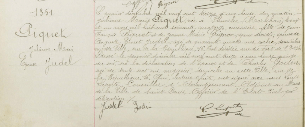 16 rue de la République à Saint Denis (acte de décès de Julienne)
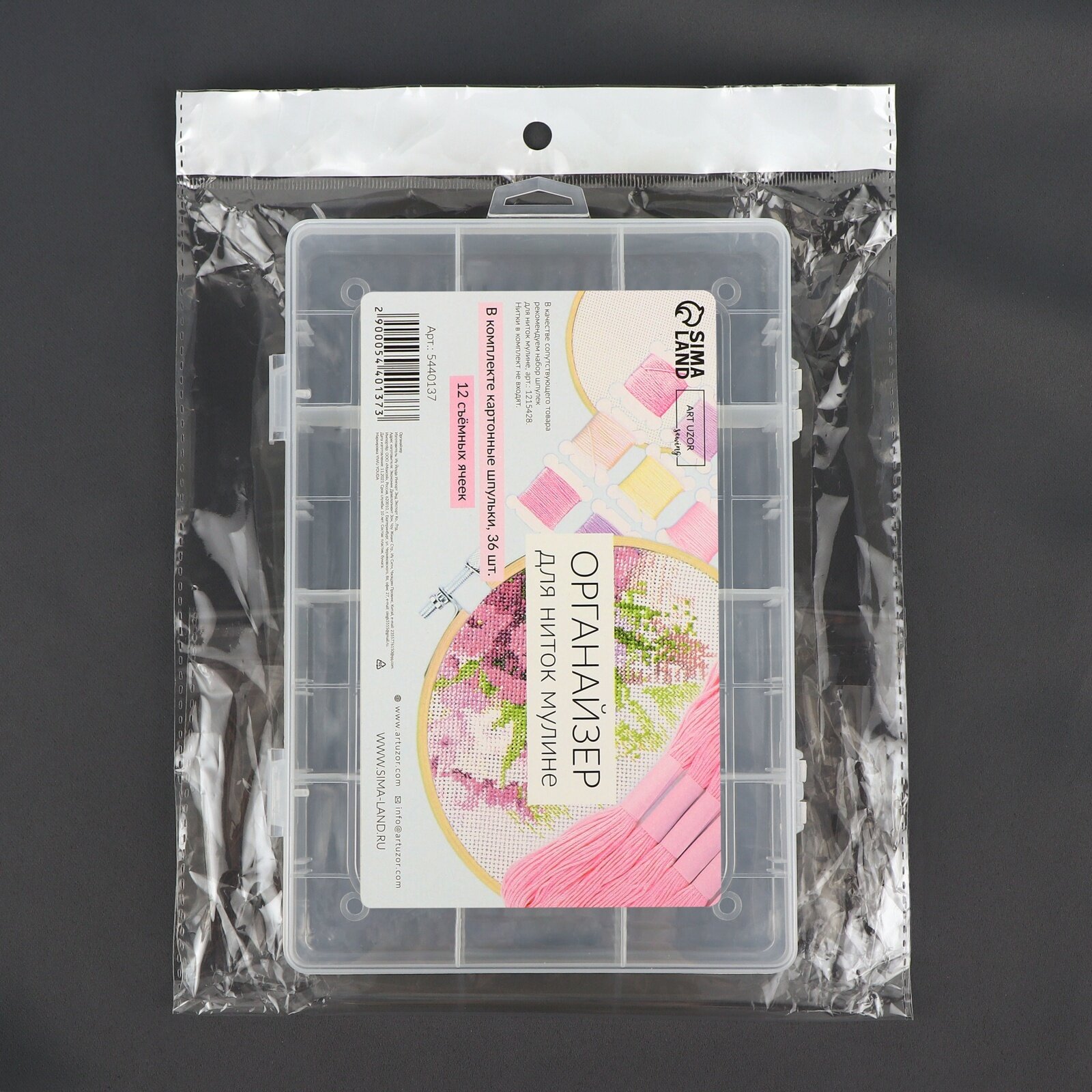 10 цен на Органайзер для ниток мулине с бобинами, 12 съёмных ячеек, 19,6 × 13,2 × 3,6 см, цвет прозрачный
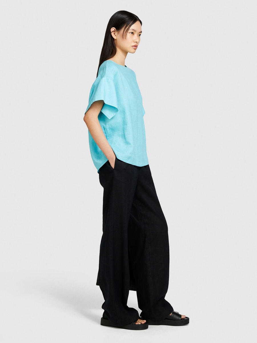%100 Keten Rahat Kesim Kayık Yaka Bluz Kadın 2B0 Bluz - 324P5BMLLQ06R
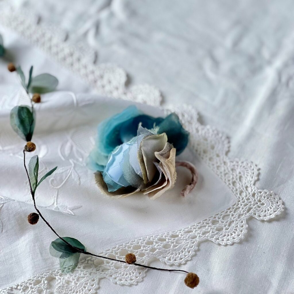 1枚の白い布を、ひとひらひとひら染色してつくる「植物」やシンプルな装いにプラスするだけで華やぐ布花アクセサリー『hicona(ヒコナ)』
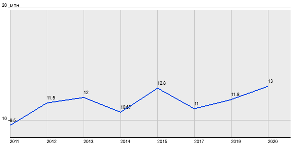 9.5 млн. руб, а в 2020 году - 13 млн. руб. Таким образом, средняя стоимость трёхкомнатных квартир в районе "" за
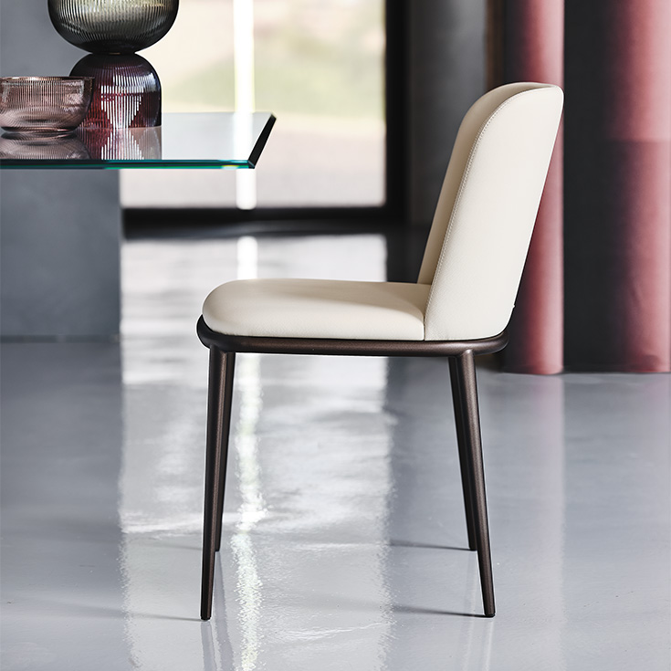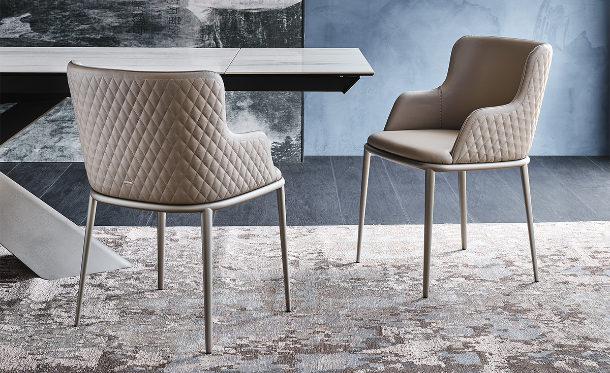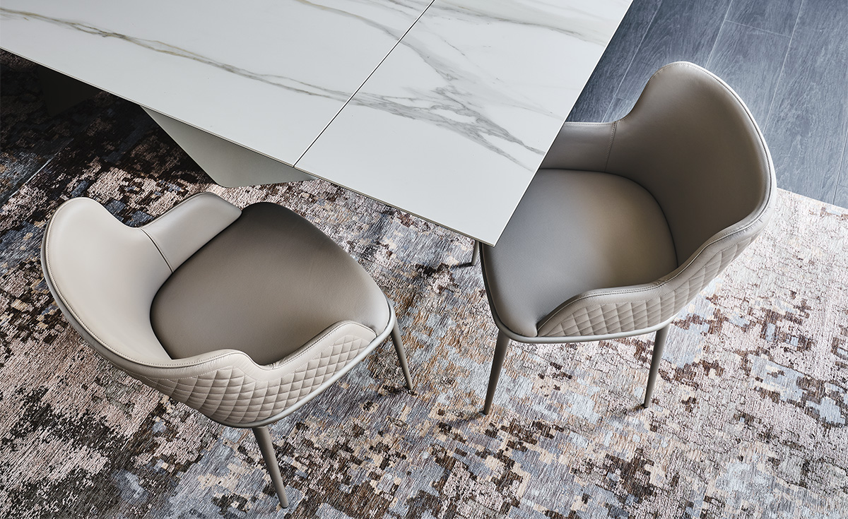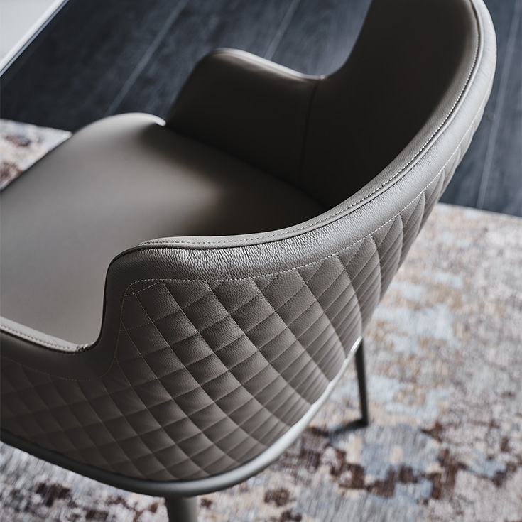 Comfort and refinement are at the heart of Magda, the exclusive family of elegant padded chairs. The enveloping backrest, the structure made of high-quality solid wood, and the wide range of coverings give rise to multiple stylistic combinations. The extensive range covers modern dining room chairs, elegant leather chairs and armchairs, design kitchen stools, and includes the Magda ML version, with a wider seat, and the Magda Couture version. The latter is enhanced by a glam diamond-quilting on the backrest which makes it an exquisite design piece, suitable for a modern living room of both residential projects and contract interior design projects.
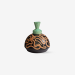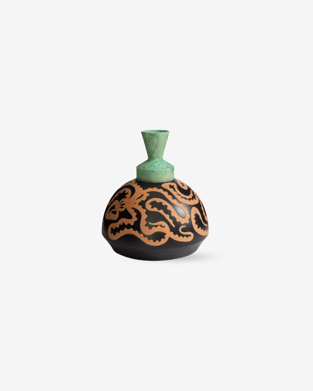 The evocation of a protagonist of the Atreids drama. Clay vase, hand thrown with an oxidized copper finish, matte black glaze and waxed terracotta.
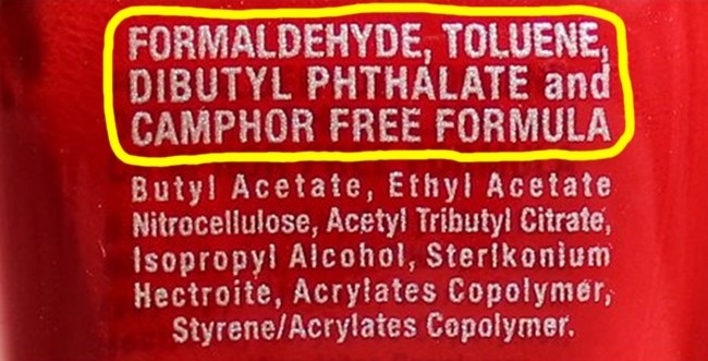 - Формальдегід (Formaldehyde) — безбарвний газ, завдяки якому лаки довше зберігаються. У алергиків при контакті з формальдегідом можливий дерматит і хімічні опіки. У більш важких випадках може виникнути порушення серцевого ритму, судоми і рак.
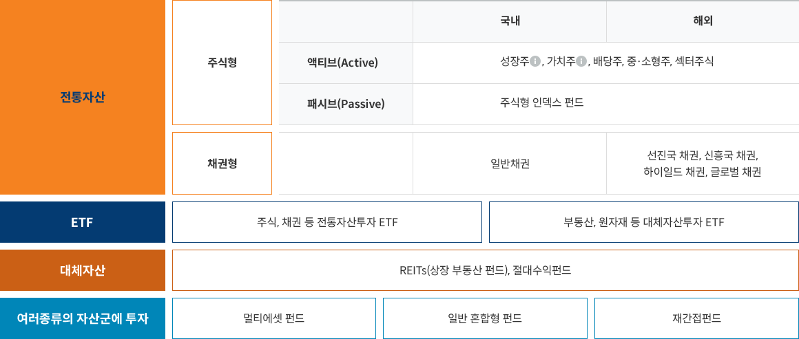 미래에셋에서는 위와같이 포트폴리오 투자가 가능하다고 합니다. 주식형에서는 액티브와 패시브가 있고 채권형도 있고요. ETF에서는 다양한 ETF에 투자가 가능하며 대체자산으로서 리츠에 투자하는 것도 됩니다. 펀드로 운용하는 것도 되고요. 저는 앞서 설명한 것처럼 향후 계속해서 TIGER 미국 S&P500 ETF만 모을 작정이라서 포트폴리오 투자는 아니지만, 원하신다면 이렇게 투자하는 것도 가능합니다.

------------------------

### PROBLEM TO WORK ON
Letter for letter, reproduce every record above and skip the pictures.

### ANSWER TO THIS TASK
 16 rue de la République à Saint Denis (acte de décès de Julienne)
 10 цен на Органайзер для ниток мулине с бобинами, 12 съёмных ячеек, 19,6 × 13,2 × 3,6 см, цвет прозрачный
%100 Keten Rahat Kesim Kayık Yaka Bluz Kadın 2B0 Bluz - 324P5BMLLQ06R
 1枚の白い布を、ひとひらひとひら染色してつくる「植物」やシンプルな装いにプラスするだけで華やぐ布花アクセサリー『hicona(ヒコナ)』
 9.5 млн. руб, а в 2020 году - 13 млн. руб. Таким образом, средняя стоимость трёхкомнатных квартир в районе "" за
 Comfort and refinement are at the heart of Magda, the exclusive family of elegant padded chairs. The enveloping backrest, the structure made of high-quality solid wood, and the wide range of coverings give rise to multiple stylistic combinations. The extensive range covers modern dining room chairs, elegant leather chairs and armchairs, design kitchen stools, and includes the Magda ML version, with a wider seat, and the Magda Couture version. The latter is enhanced by a glam diamond-quilting on the backrest which makes it an exquisite design piece, suitable for a modern living room of both residential projects and contract interior design projects.
 The evocation of a protagonist of the Atreids drama. Clay vase, hand thrown with an oxidized copper finish, matte black glaze and waxed terracotta.
 - Формальдегід (Formaldehyde) — безбарвний газ, завдяки якому лаки довше зберігаються. У алергиків при контакті з формальдегідом можливий дерматит і хімічні опіки. У більш важких випадках може виникнути порушення серцевого ритму, судоми і рак.
 미래에셋에서는 위와같이 포트폴리오 투자가 가능하다고 합니다. 주식형에서는 액티브와 패시브가 있고 채권형도 있고요. ETF에서는 다양한 ETF에 투자가 가능하며 대체자산으로서 리츠에 투자하는 것도 됩니다. 펀드로 운용하는 것도 되고요. 저는 앞서 설명한 것처럼 향후 계속해서 TIGER 미국 S&P500 ETF만 모을 작정이라서 포트폴리오 투자는 아니지만, 원하신다면 이렇게 투자하는 것도 가능합니다.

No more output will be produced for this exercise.